Done! No slave lag, and the table is rebuilt. But . . . let’s just make sure data is consistent between the master and slave (you can use pt-table-checksum): 

db1 {root} (db1) > select max(k) from db1.sbtest1 where id<100;
 +--------+
 | max(k) |
 +--------+
 | 392590 |
 +--------+
 1 row in set (0.00 sec)
db2 {root} (test) > select max(k) from db1.sbtest1 where id<100;
 +--------+
 | max(k) |
 +--------+
 | 392586 |
 +--------+
 1 row in set (0.00 sec)

No, it is not! The slave is clearly missing the updates that happened during a pt-osc run. Why?

The explanation is simple. The 

pt-online-schema-change

 relies on triggers. The triggers are used to make the writes happening to the original table also populate to the temporary table copy, so that both tables are consistent when the final table switch happens at the end of the process. So what is the problem here? It’s the binary log format: in ROW based replication, the triggers are not fired on the slave! And my master is running in ROW mode: 

db1 {root} (db1) > show variables like 'binlog_format';
 +---------------+-------+
 | Variable_name | Value |
 +---------------+-------+
 | binlog_format | ROW |
 +---------------+-------+
 1 row in set (0.01 sec)

So, if I used 

pt-online-schema-change

 on the master, the data inconsistency problem doesn’t happen. But using it on the slave is just dangerous! Conclusion

Whenever you use 

pt-online-schema-change

, make sure you are not executing it on a slave instance. For that reason, I escalated this bug report: https://bugs.launchpad.net/percona-toolkit/+bug/1221372. Also in many cases, using a normal 

ALTER

 will work well enough. As in my example, to rebuild the table separately on each slave in lockless mode, I would just need to upgrade to the more recent 5.6 version.

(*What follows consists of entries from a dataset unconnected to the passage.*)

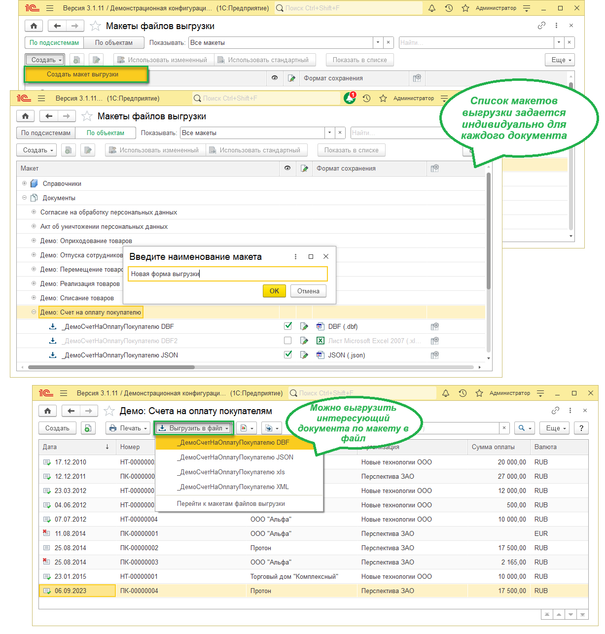 В состав библиотеки включена новая подсистема Выгрузка объектов в файлы, которая используется совместно с подсистемой Печать. Она позволяет выгружать произвольные документы, справочники и другие объекты приложения в файлы различных форматов по настраиваемым макетам. Список макетов выгрузки задается индивидуально для каждого документа в разделе Администрирование - Печатные формы, отчеты и обработки - Макеты файлов выгрузки. В макет можно включить любое поле или табличную часть в нужном порядке, указать формат выходного файла: DBF, XML, JSON, HTML, TXT, XLS, XLSX или MXL. Для выгрузки интересующего документа по макету в файл можно воспользоваться подменю Выгрузить в файл в карточке этого документа, а также в списках и журналах документов. Также можно прикрепить сформированный файл прямо к самому документу, если у него предусмотрены присоединенные файлы, или настроить шаблоны сообщений для рассылки с требуемыми макетами выгрузки. Пример настройки макетов выгрузки см. в демонстрационной базе для документа _ДемоСчетНаОплатуПокупателю.
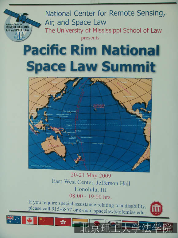 2009年5月19日至21日,“環(huán)太平洋地區(qū)國(guó)家空間法峰會(huì)”在太平洋上美麗的夏威夷大學(xué)東北中心召開(kāi),來(lái)自中國(guó)、美國(guó)、加拿大、澳大利亞、韓國(guó)、日本、印度、泰國(guó)、中國(guó)香港及聯(lián)合國(guó)外空事務(wù)辦公室的16位學(xué)者在會(huì)議上進(jìn)行了專題報(bào)告,分別介紹各自國(guó)家或地區(qū)的空間立法現(xiàn)狀及其與環(huán)太平洋國(guó)家空間法和空間活動(dòng)的關(guān)系。
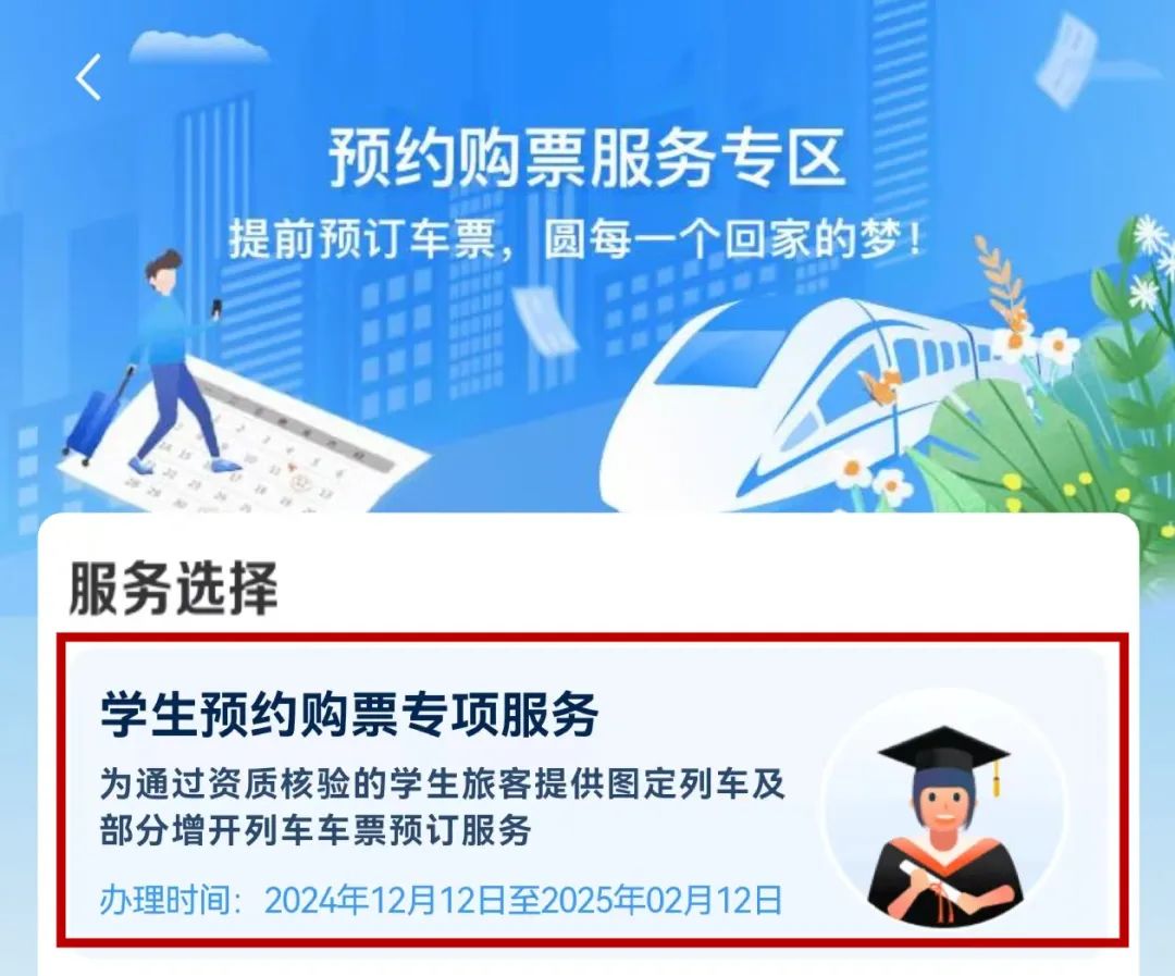 选择“学生预约购票专项服务”

BTW, if you’re wondering about Galera replication (used in Percona XtraDB Cluster, etc.) since it also uses a ROW-based format, it’s not a problem. The pt-osc triggers are created in all nodes thanks to synchronous write-anywhere replication nature. It does not matter which node you start 

pt-online-schema-change

 on, and which other nodes your applications writes on at the same time. No slaves, no problem!